Start of Block
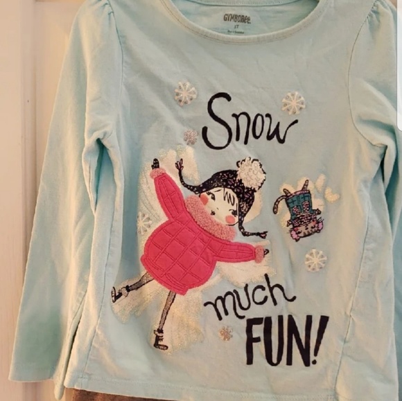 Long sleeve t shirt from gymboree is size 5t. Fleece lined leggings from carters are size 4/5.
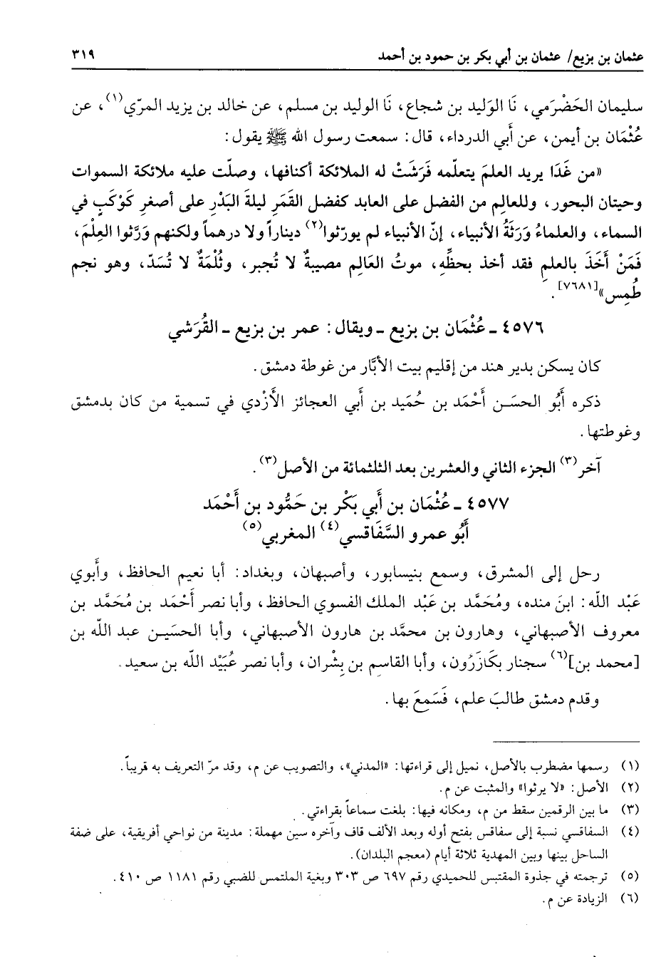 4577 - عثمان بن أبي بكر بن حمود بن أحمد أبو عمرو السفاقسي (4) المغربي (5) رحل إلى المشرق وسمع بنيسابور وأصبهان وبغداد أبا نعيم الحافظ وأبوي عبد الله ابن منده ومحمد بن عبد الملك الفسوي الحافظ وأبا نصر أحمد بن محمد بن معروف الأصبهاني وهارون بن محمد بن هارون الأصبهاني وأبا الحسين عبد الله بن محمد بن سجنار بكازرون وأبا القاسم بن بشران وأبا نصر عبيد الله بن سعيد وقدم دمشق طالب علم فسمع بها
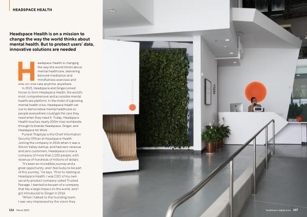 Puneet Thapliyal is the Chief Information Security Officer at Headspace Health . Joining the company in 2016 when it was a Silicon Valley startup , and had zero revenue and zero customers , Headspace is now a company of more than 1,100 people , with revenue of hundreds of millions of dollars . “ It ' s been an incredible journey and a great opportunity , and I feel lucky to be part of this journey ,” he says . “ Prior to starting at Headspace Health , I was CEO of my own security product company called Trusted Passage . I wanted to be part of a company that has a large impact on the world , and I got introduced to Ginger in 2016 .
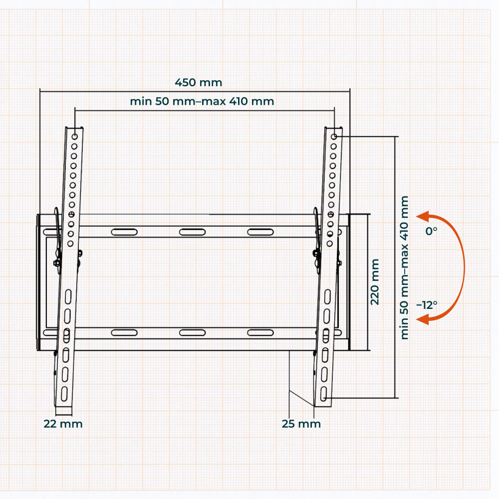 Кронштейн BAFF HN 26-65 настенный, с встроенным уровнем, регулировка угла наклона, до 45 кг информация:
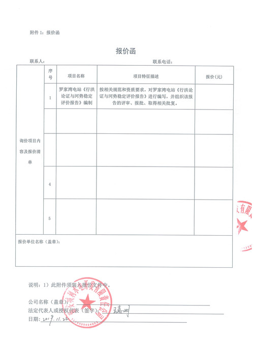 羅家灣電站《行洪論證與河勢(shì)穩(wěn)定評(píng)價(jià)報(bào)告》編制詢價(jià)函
End of Block
## What you will do
Give each record above back word for word, but carry over none of the pictures.

## Response for this exercise
 Long sleeve t shirt from gymboree is size 5t. Fleece lined leggings from carters are size 4/5.
 4577 - عثمان بن أبي بكر بن حمود بن أحمد أبو عمرو السفاقسي (4) المغربي (5) رحل إلى المشرق وسمع بنيسابور وأصبهان وبغداد أبا نعيم الحافظ وأبوي عبد الله ابن منده ومحمد بن عبد الملك الفسوي الحافظ وأبا نصر أحمد بن محمد بن معروف الأصبهاني وهارون بن محمد بن هارون الأصبهاني وأبا الحسين عبد الله بن محمد بن سجنار بكازرون وأبا القاسم بن بشران وأبا نصر عبيد الله بن سعيد وقدم دمشق طالب علم فسمع بها
 Puneet Thapliyal is the Chief Information Security Officer at Headspace Health . Joining the company in 2016 when it was a Silicon Valley startup , and had zero revenue and zero customers , Headspace is now a company of more than 1,100 people , with revenue of hundreds of millions of dollars . “ It ' s been an incredible journey and a great opportunity , and I feel lucky to be part of this journey ,” he says . “ Prior to starting at Headspace Health , I was CEO of my own security product company called Trusted Passage . I wanted to be part of a company that has a large impact on the world , and I got introduced to Ginger in 2016 .
 Кронштейн BAFF HN 26-65 настенный, с встроенным уровнем, регулировка угла наклона, до 45 кг информация:
 羅家灣電站《行洪論證與河勢(shì)穩(wěn)定評(píng)價(jià)報(bào)告》編制詢價(jià)函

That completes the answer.